Return the listing exactly. Keep no pictures.

Supplied material:
◆ ◆ ◆ ◆ ◆

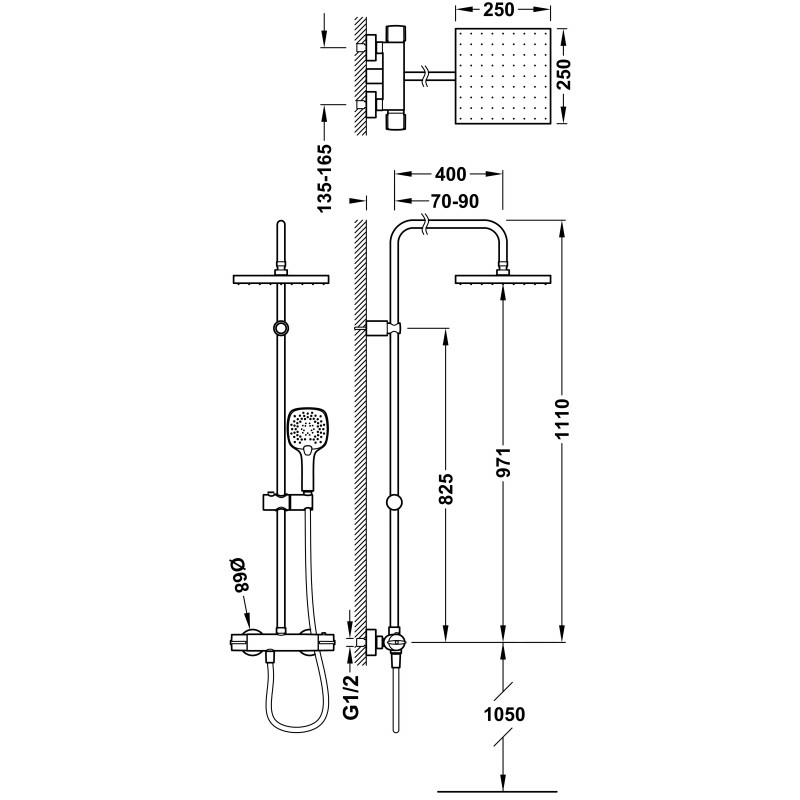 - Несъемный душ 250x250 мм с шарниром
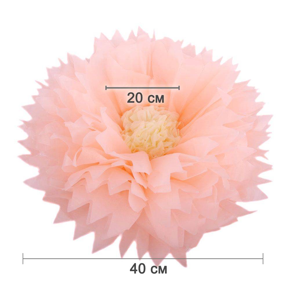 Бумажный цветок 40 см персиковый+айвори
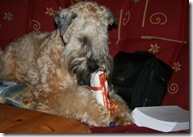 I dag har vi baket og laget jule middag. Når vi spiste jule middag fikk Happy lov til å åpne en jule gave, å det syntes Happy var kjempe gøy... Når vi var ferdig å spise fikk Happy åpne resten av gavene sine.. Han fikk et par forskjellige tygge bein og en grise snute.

◆ ◆ ◆ ◆ ◆

Output below:
 - Несъемный душ 250x250 мм с шарниром
 Бумажный цветок 40 см персиковый+айвори
 I dag har vi baket og laget jule middag. Når vi spiste jule middag fikk Happy lov til å åpne en jule gave, å det syntes Happy var kjempe gøy... Når vi var ferdig å spise fikk Happy åpne resten av gavene sine.. Han fikk et par forskjellige tygge bein og en grise snute.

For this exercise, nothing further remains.